Increasing attentions have been paid to elucidate possible ferritin receptors recently. Generally, there are three pathways for ferritin iron absorption. The first one is the normal pathway, as previously proposed for divalent ions. The iron core was released from ferritin by pepsin and the low pH (2.0) in the stomach, and then it was reduced to Fe2+ under the action of reducing agents, such as ascorbate, followed by absorption in the gut via the only protein responsible for ferrous iron uptake divalent metal transporter 1 (DMT1) [5,20,21]. The second one is the pathway for iron core.
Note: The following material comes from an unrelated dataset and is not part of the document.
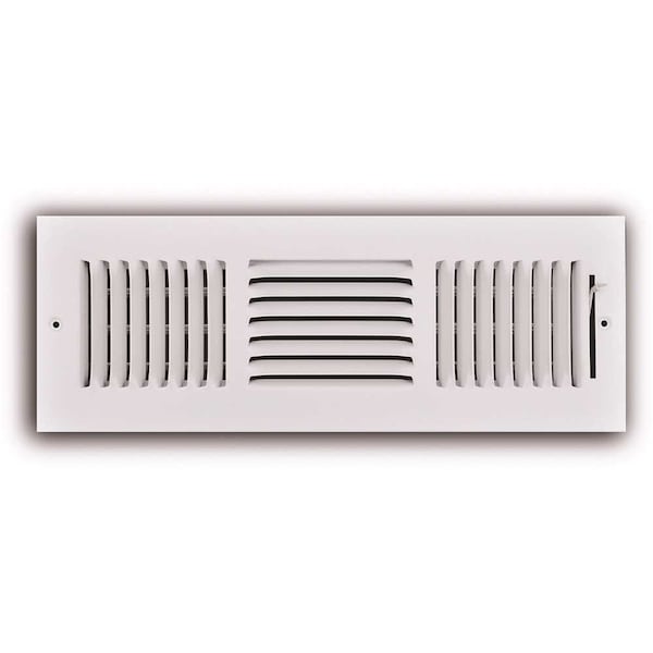 The 103M 14X04 is 14 in. x 4 in. 3-way air register used for wall or ceiling openings. The stamped face allows for 3-way air deflection. Our Smooth glide technology ensures rattle free and quiet airflow from your central air system. Smooth glide also provides for smooth opening and closing of your back dampers. Our high-quality product will ensure years of continuous use.Wall or ceiling registers controls airflow into a roomDampers control the amount and direction of airflowWhite powder coat finishMade from high quality steelSmoothGlide Damper

There may be putative transporters at the cell surface responsible for intact iron core uptake [20]. The third one is the pathway for undigested ferritin iron or partially digested ferritin iron. So far, the receptors related to ferritin iron uptake have been studied by several researchers. For example, Tim-2 expressed in mice kidney and liver cells (all splenic B cells, bile duct epithelial cells, and renal tubule cells) is considered as a receptor for H-ferritin rather than L-ferritin, but no human analog has been found [22]. Meanwhile, research on developing kidney cells of mice indicated that the Scara5 is a ferritin receptor mediating non-transferrin iron delivery. Scara5 bound serum ferritin and then stimulated its endocytosis from the cell surface with consequent iron delivery [23]. Afterwards, the other study on soybean ferritin absorption by Caco-2 intestinal epithelial cells indicated that ferritin is usually absorbed by receptor-mediated endocytosis and AP2 as adapters may play significant roles during this process [24,25]. Moreover, TfR1 has been identified as the receptor for human H-ferritin uptake by endocytosis for most cell types [26]. It was observed that TfR-1 is specific for H ferritin but not for L ferritin. Interestingly, transferrin only partially inhibited H ferritin binding to TfR-1, indicating the ferritin and transferrin-binding sites do not overlap and raising the possibility that this dual receptor function may coordinate the processing. However, the exact receptors at Caco- 2 cell surface responsible for ferritin uptake have not been identified yet. Research on the bioavailability of plant and animal ferritin iron indicated that the interaction between ferritin and putative receptors depended on the subunit composition of ferritin (not published).

Conclusion

In summary, although ferritin iron is a potential candidate for iron supplement in the future to combating iron deficiency, there are still some limitations for its application. Firstly: the digestive stability of ferritin in vivo. Whether ferritin can pass through the gastrointestinal tract completely is crucial for the bioavailability. To date, there have been significant differences between in vivo and in vitro conditions, which need to be addressed. Secondly, the effect of other dietary components on ferritin should be also further elucidated. Finally, the mechanism by which ferritin is absorbed by Caco-2 remains unclear, but screening out the putative receptors at the intestinal cells can help us figure it out.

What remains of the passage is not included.